# Dask Overview

Dask is a flexible library for parallel computing in Python that makes scaling out your workflow smooth and simple. On the CPU, Dask uses Pandas (NumPy) to execute operations in parallel on DataFrame (array) partitions.

Dask-cuDF extends Dask where necessary to allow its DataFrame partitions to be processed by cuDF GPU DataFrames as opposed to Pandas DataFrames. For instance, when you call dask_cudf.read_csv(…), your cluster’s GPUs do the work of parsing the CSV file(s) with underlying cudf.read_csv(). Dask also supports array based workflows using CuPy.

## When to use Dask
If your workflow is fast enough on a single GPU or your data comfortably fits in memory on a single GPU, you would want to use cuDF or CuPy. If you want to distribute your workflow across multiple GPUs, have more data than you can fit in memory on a single GPU, or want to analyze data spread across many files at once, you would want to use Dask.

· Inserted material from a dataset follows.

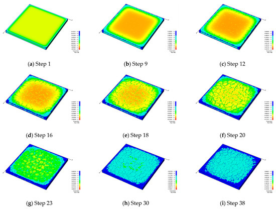 Figure 5 shows the fracture evolution of ceramic glaze during the fast cooling process. The model is only constrained at the bottom, and the outer parts of the model are first cooled during the rapid cooling. The temperatures of the outer parts of the model are obviously different from those of the internal parts, forming high inner temperature stresses, as shown in Figure 5a,b. Because the glaze layer is on the surface of the ceramics and the glaze layer cools faster, such cooling causes the glaze layer to shrink dramatically. Under the constraint of the blank, high tensile stress concentrations occur on the surface of the glaze layer. As the temperature decreases, the tensile stress accumulated on the surface quickly increases, and new cracks are generated. At the early cooling stage, micro-cracks on the model surface are mainly generated and distributed at the outer parts of the model, as shown in Figure 5c. As the temperature decreases, the cracks propagate towards the inner parts of the model, as shown in Figure 5d,e, and then gradually gather to form craquelures, as shown in Figure 5f,g. Then, the large blocks are divided into small blocks. After the temperature distribution reaches the ambient temperature, few new cracks are generated, as shown in Figure 5h,i. The obvious differences from when compared to the results of slow cooling are that the propagation speed of the fractures is relatively rapid under fast cooling, the effect of the temperature difference is relatively small, and the size of the blocks divided by fractures on the model surface is larger and more uniform.

One additional benefit Dask provides is that it lets us easily spill data between device and host memory. This can be very useful when we need to do work that would otherwise cause out of memory errors.

In this brief notebook, you'll walk through an example of using Dask on a single GPU. Because we're using Dask, the same code in this notebook would work on two, eight, 16, or 100s of GPUs.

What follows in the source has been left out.